Восторжествует дерзкий демагог, льстящий ее настроениям, и будет посрамлен 13 страница



                              Глава

                              ПЯТАЯ

 

                      В краю непуганных птиц

 

Некошеный болотистый луг спускается по косогору к реке, не очень

широкой, но полноводной, окаймленной кустами: это Свирь. Повыше, в жидкой

опушке мелкого леса, из осенней листвы выглядывают товарные вагоны. Там не

то разъезд, не то тупик ветки, где нас недавно выгрузили. На непримятую

траву. Вокруг - ни малейшего признака станционных построек, платформы:

пустынный участок лесного безлюдного края, со словно случайно здесь

оказавшимися заросшими травой рельсами.

Распоряжавшиеся выгрузкой охранники отвели нас на сотню метров от

опушки на чистый луг и, тесно сгрудив, приказали садиться на вещи. В

некотором отдалении поставили часовых с винтовками. Доставивший нас паровоз

ушел, и все замерло. Оказалось, надолго.

Было безлюдно, тихо; ветер шуршал пожухлой травой, река блестела

против солнца. И среди всего ненаселенного простора - серая, тусклая толпа

понурых, смолкших человечков, обтерпевшихся и почти равнодушно ожидающих,

как распорядятся ими. Никто не знал, чего и кого мы дожидаемся долгими

часами, под открытым небом, по милости Божией, ясным в виду необозримо

раскинувшихся лесных далей. Каждого занимало, где примоститься со своим

сидором, чтобы было посуше: чавкающая, податливая почва не держала, и под

ногами выступала вода. Что-то всухомятку жевали; с разрешения и под

надзором попки отходили на десять шагов в сторону и присаживались в траву;

лениво гадали, где мы и куда погонят. Смутно знали, что в этих местах

разворачивается Медвежка: новые лагеря для постройки канала. Но если так,

почему не видно бараков? Колючей проволоки? Следов езды?

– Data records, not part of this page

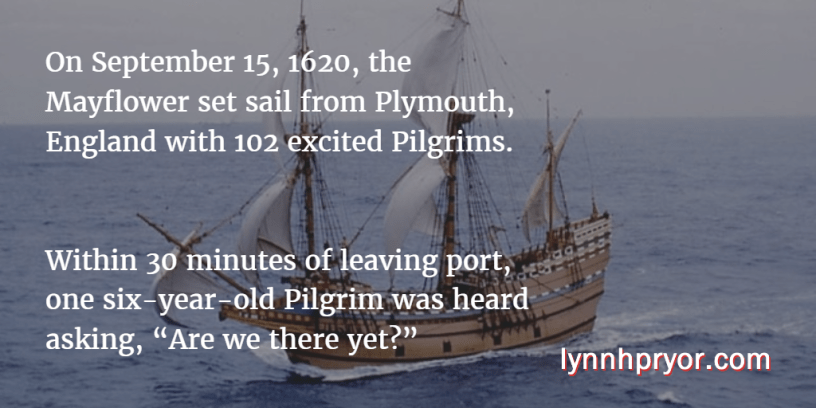 Humor, This Week in History This Week in History – The Journey Begins Date: September 15, 2015Author: Lynn H. Pryor 0 Comments On September 15, 1620, the Mayflower set sail from Plymouth, England with 102 excited Pilgrims. Within 30 minutes of leaving port, one six-year-old Pilgrim was heard asking, “Are we there yet?” Share this post Click to share on Facebook (Opens in new window) Facebook Click to share on Pinterest (Opens in new window) Pinterest Click to share on X (Opens in new window) X Click to email a link to a friend (Opens in new window) Email Click to share on LinkedIn (Opens in new window) LinkedIn Click to share on Reddit (Opens in new window) Reddit Click to share on Tumblr (Opens in new window) Tumblr Click to print (Opens in new window) Print Like Loading...
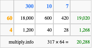 Below is an illustration showing you how to calculate 317 times 64 using the box method, using the instructions above.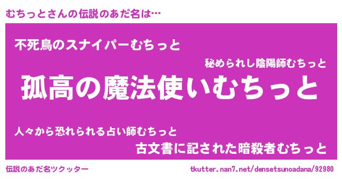 | ヒーロー風カッコイイあだ名 | 『黄金騎士ムチ』『サイバー戦士ムチット』 |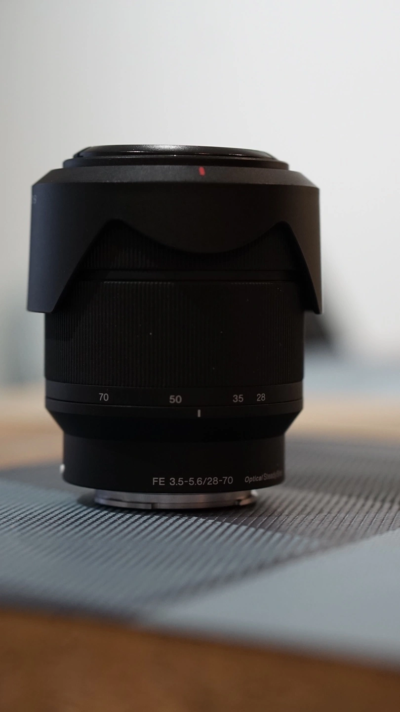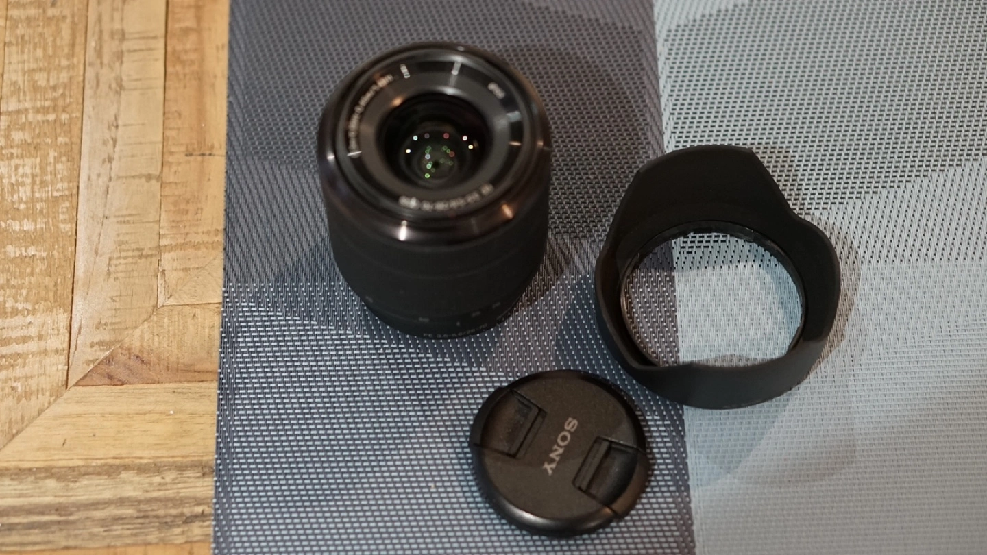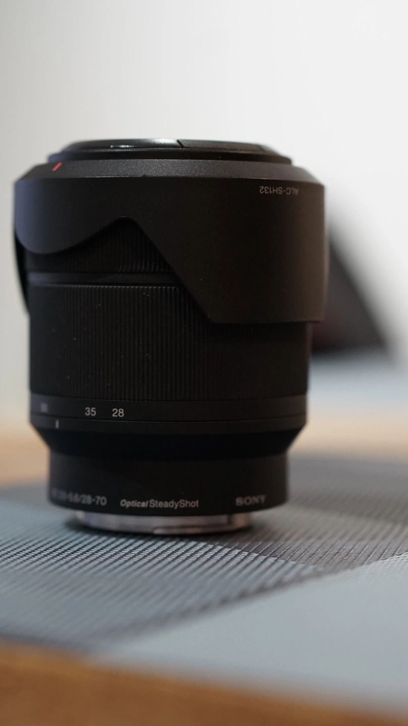 Sony E-mount lens with a 28-70mm focal length and Optical SteadyShot image stabilization. Includes lens cap and hood.

   И лишь под вечер, когда село солнце и от реки пополз холодный туман,

откуда-то появилось несколько военных. Начались переклички, сортировка,

развод в разные группы. Меня выкликнули последним, когда я уже волновался -

что за такую исключительную участь мне готовят? Присоединили меня к партии

человек в сорок; все до одного - воры. Я, считавший себя все же

политическим, оказался один среди отборной шпаны - карманников и прочей

уголовной шушеры, подростков и вовсе юнцов, без "паханов", матерых

преступников-профессионалов, диктаторствующих над коллегами по ремеслу.

Мою партию повели к железной дороге и погрузили в классический телячий

вагон, красный, двухосный, с крепко заколоченными люками. Пересчитали,

убрали доску, по которой мы, балансируя, с разбегу забирались внутрь, и с

треском задвинули дверь. Сделалось темно.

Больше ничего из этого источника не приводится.